Leah Blatt Glasser, In a Closet Hidden (University of Massachusetts Press, 1996). Glasser’s work is a literary biography that “traces Freeman’s evolution as a writer, showing how her own inner conflicts repeatedly found expression in her art.”

Aside from book publications, Freeman has merited state-wide celebrations, too.

In 1991, Newark Public Library, the New Jersey College English Association, and the English Department of Kean College celebrated Freeman’s life and works in a series of free public programs. Jim Florio, New Jersey’s governor at the time, issued a formal proclamation, declaring “November, 1991 as Mary E. Wilkins Freeman Month.”

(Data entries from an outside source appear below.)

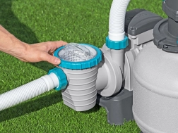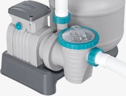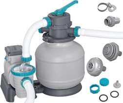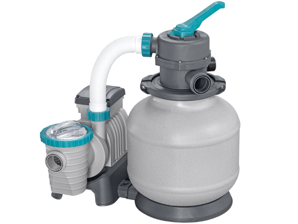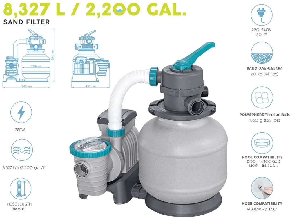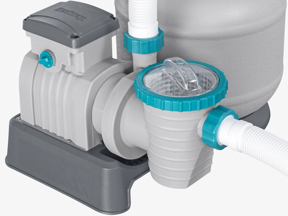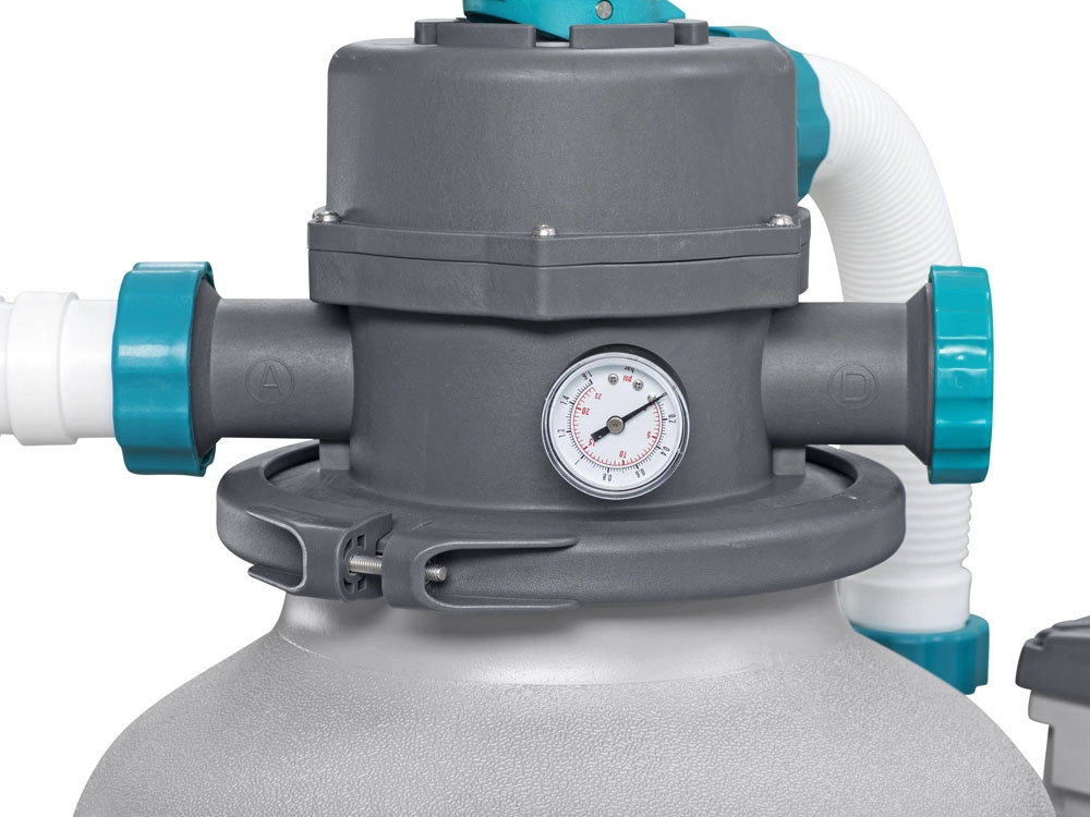 El potente filtro de arena BESTWAY con caudal de 8327 l/h mantiene el agua de la piscina cristalina. Ofrece válvula multifunción de 6 posiciones, manómetro para un control sencillo de la presión y temporizador automático. Compatible con arena de sílice de 0,45–0,85 mm y bolas filtrantes, ideal para piscinas con un volumen de 1 100–54 500 l.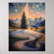 Poster Árvore Starry Winter no estilo Pointillist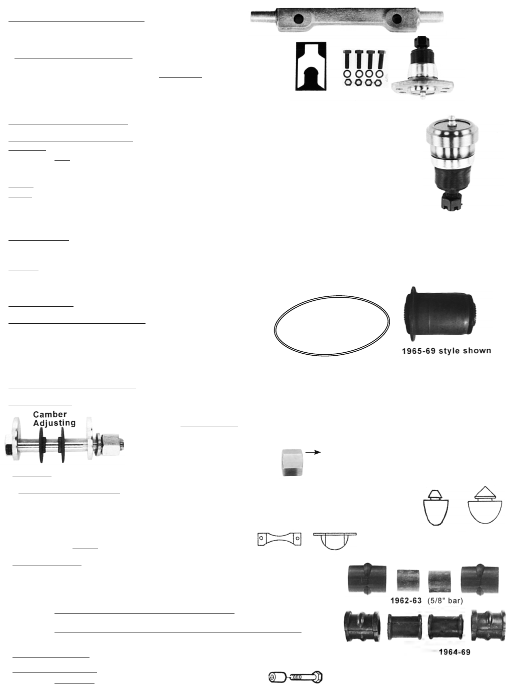 iWARNING: Products on this page can expose you to a chemical, which is known to the St ate of California to cause cancer or reproductive harm. **For more information go to www.P65Warnings.ca.gov**154FRONT SUSPENSION - '60-69 CARSPICTURE # - REFER TO PICTURE DIAGRAM PAGE 153.2. Shafts - Upper Control A-Arm (Forged): Also see page 153 For "Sets" 1960-64 Cars - Either side C6854 2 lbs. 1965-69 Cars - Either side C6855 2 lbs.2 1/2 . 1960-64 Front Suspension Shims: Taking your car in for alignment, these shims are for adjusting camber. Original shape. 2-4 sets suggested. 1/64" C6350 1 oz. 1/32" C6351 1 oz. 1/16" C6352 1 oz. 1/8" C6353 1 oz.3. Upper Control A-Arm: Rebuilt - See page 157A 4. Upper Ball Joints: Not too bad to install. 1960-69 CARS - ALL C44A 1 lb ea. HARDWARE: Upper ball joints come with all hardware but if you need replacements: KITS: SET of 4 Bolts, LW & Nuts C10910 4 oz. SET of 4 Bolts, LW & Nuts, slotted nut, grease fitting & cotter pin. C10911 5 oz.5. Spindle: Often wears where bearing goes - See USED page 362 Gasket: Between front brake backing plate and spindle 1960-64 CARS C1383E 2 oz. ea. 1965-69 CARS C1383 2 oz. ea. WHEEL BEARINGS & OTHER RELATED PARTS - See page 1526. Lower Ball Joints: Difficult to install. Best to remove lower a-arm. Coil Spring Compressor - page 338 1960-69 CARS (press in) C45A 1 lb. (Early 1960) THREAD-IN lower ball joint CX2064A 1 lb. OVERSIZE LOWER BALL JOINTS: Over the years a few oversized lower ball joints have been forced in (usually 1965 and 1966. Apparently a few may have even been done at the factory). If our stock ones fit loose you'll need to go to the oversize. There is a restocking fee to return the stock ones (stock o.d. about 1.450). Oversize (replace 1.456 - 1.463). OVERSIZE C45AX 1 lb.7. Lower Control A-Arm: Rebuilt - See page 157A 8. Bushings - Lower A-Arm Inner: Also order new bolts. ORIGINALS 1960-64 Cars - Either side C1664 6 oz. 1965-69 Cars - Either side C957 6 oz. NYLON PERFORMANCE BUSHINGS See page 167B9. Bolts - Front Lower A-Arm Attaching: 2 needed per car. Usually very rusty. 1960-64 "Gr 8" C2128A 6 oz. Complete Bolt Kit: 1965-69 - includes bolt, special washers that fit in bushing (A MUST), cam washer, lock washer and special nut. All are "GR8". COMPLETE BOLT KIT C632R 8 oz./kit 2 NEEDEDINDIVIDUAL PARTSBOLT C4609 6 oz. SET OF 2 SPECIAL WASHERS C4610 4 oz./setLOCK WASHER C4601 1 oz. "CAM WASHER" C4611 4 oz. NUT - SPECIAL - Original length C4602R 1 oz.10. Coil Springs: See page 140.10 1/2 . Upper A-Arm Bumpers: Exact reproductions finally available. One used on the underside of front upper a-arm. Usually brittle, badly distorted or missing. One needed per side. 1960-64 Cars & 1961-65 Vans C4615 4 oz. ea. 1965-69 Cars C731 4 oz. ea. 1960-64 Car Front Crossmember Bumper (rubber & steel): Bolts to left & right end. Sold each C9778 6 oz. ea. BOLT KIT for 1 bumper C7455 2 oz.11. Stabilizer Bar - Stock: 1965-69 USED - See page 36512 & 17. Stabilizer Bar Bushings - All Exact Repros Also see #17 NEXT PAGE & FULL SUMMARY page 157A. Front stabilizers were optional 1962-63 (5/8" bar) and stock on 1964-69. Set Of 2 Inner & 2 Outer Stabilizer Bushings (#12 & #17) 62-63 C111E 6 oz./set 64-69 C111 6 oz./set Set Of 6 - (2) Inner, (2) Outer, & (2) Upper Support Bushings (#12 , #14 , #17) 62-63 C10745 12 oz./set 64-69 All C111K 12 oz./set12. INNER BUSHINGS ONLY: Set of (2) - 62-63 C4613E 4 oz./set 64-69 C4613 4 oz./set13. Top Stabilizer Support Bolt: 62-69 (2) needed "Gr 8" C6906 4 oz. Steel Sleeve: Upper bolt goes thru spacer and is usually rusted to it! ( 1/2 " o.d.) 1962-63 C6907C 4 oz. ea. ( 3/4 " o.d.) 1964-69 C6907A 4 oz. ea.MULTI-KITSsee Blue pg. MK-12, pg. MK-13SET - Set of 8 = (2) 1/32", (2) 1/16"& (4) 1/8". C6355 4 oz./setTorque 75-85 Ft. Lbs.C44AC45AC9778C4615C731
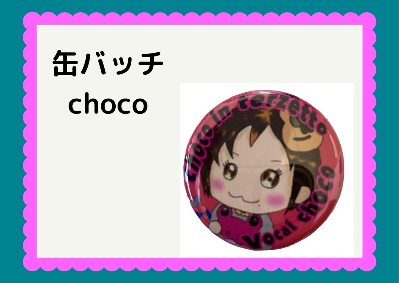 ちょこてるグッズ第一弾はボーカルchocoデザインのメンバー缶バッチ♪
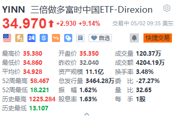 格隆汇5月2日|三倍做多富时中国ETF盘初涨近10%,纳斯达克中国金龙指数涨2.7%,阿里巴巴涨近5%,京东涨4%,小鹏汽车涨超6.5%,金山云涨超7%。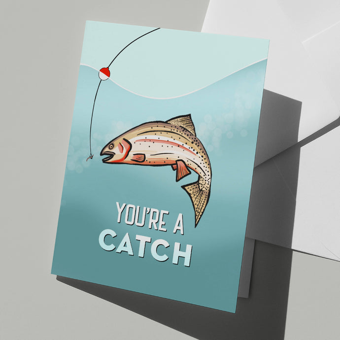 • "You're A Catch" Greeting Card – Featuring a Hand-Drawn Cutthroat Trout - By: Creatively Leanne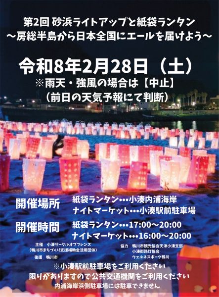 鴨川市の小湊海岸で、今年も紙袋ランタンのライトアップイベントが開催されます。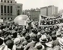 His mural Man at the Crossroads, originally a three-paneled work,[39] begun as a commission for John D. Rockefeller Jr. in 1933 for the Rockefeller Center in New York City, was later destroyed. Because it included a portrait of Vladimir Lenin, former leader of the Soviet Union and Marxist pro-worker content, Rockefeller's son, the press, and some of the public protested, but the decision to destroy it was made by the management company. Anti-Communism ran high in some American circles, although many others in this period of the Great Depression had been drawn to the movement as offering hope to labor.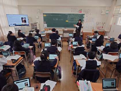 堺の刃物づくりについて、それぞれがタブレットPCを使って調べ学習を進めています。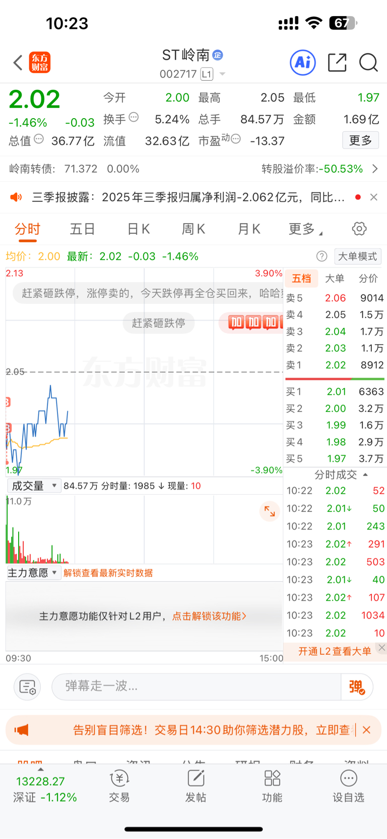 $ST岭南(SZ002717)$ 又买了,下来就买点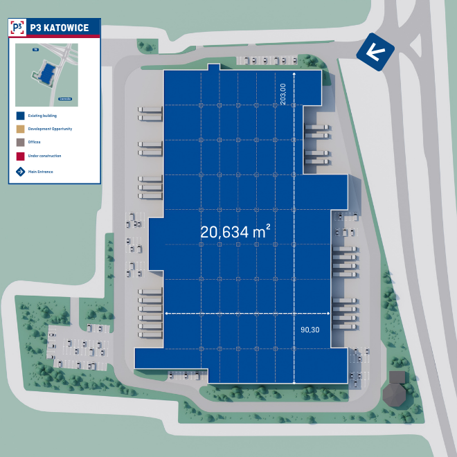 P3 Katowice City is a modern warehouse park located on Lwowska Street, in the eastern part of Katowice, right next to the exit from national road No. 79. On a 4.7-hectare plot, there is a modern warehouse facility with an area of 25,000 m², designed for tenants for whom proximity to the city center is a key factor.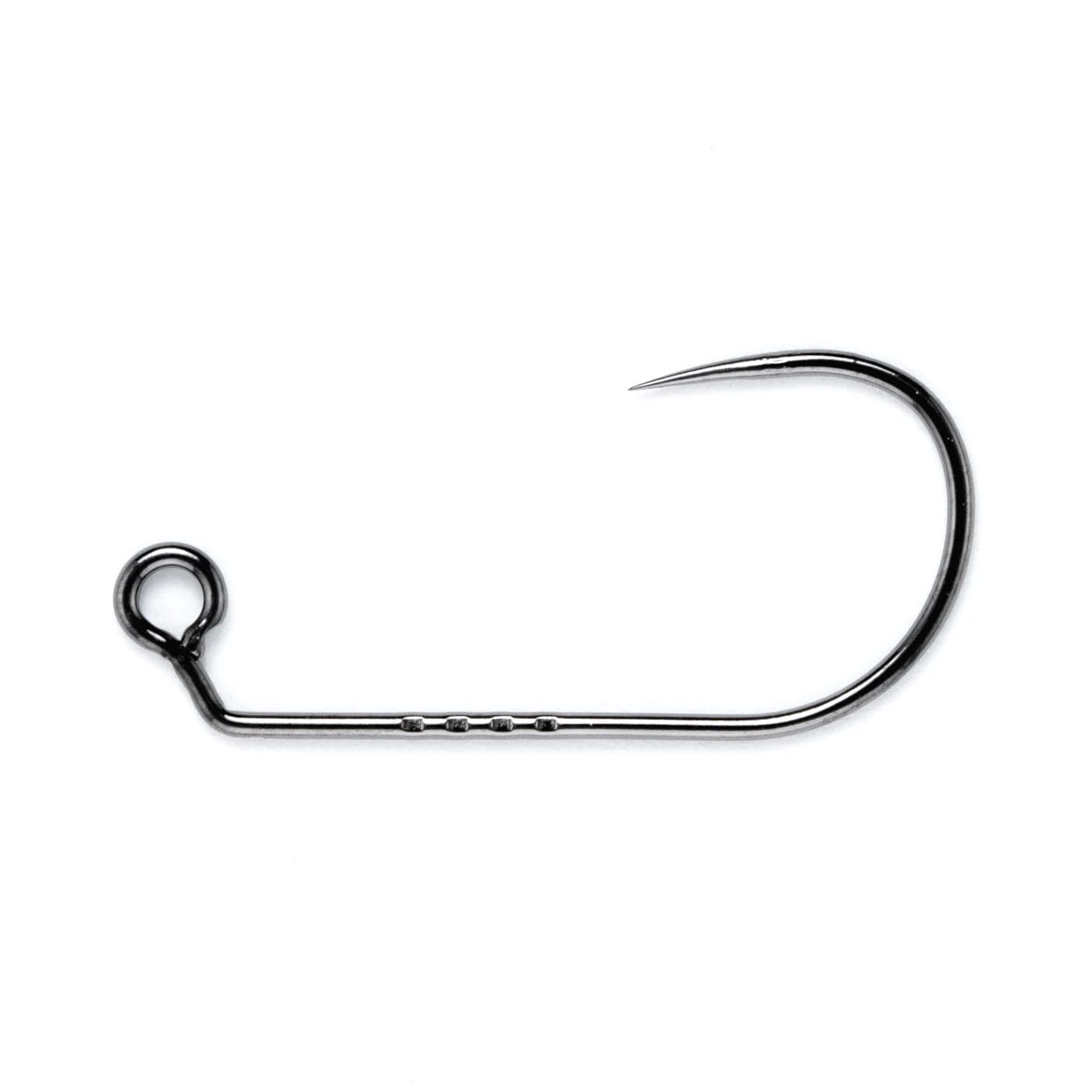 Decoy AH-12 Area Hook Jiggy is a barbless jig hook that suits self-made jigs and the popular Hover Strolling and Spine Rig techniques. AH-12 features a barbless design with a curved hook point that helps prevent breakage and holds fish well. Pressed serrations on the hook’s side prevent threads and weights from slipping when using AH-12 for feather jigs and other self-made jigs. AH-12 is finished in black nickel to enhance the wire’s hardness further.

Additionally, in October 2019, Freeman was featured as part of the Brattleboro (VT) Literary Festival. Recognizing her connections to Brattleboro and to the Green Mountain State, Vermont Governor Phillip B. Scott proclaimed October 17, 2019, as “MARY E. WILKINS FREEMAN DAY
in Vermont.”

On January 17 the next year, Freeman’s home at 207 Lake Avenue in the Borough of Metuchen in Middlesex County, New Jersey, where she lived and wrote from 1902 to 1907, was added to the National Register of Historic Places.

New Perspectives on Mary E. Wilkins Freeman is a welcome addition to Freeman scholarship. Taken as a whole, the book provides a greater understanding of Freeman’s unequivocal–and sometimes unrivaled–impact on American letters.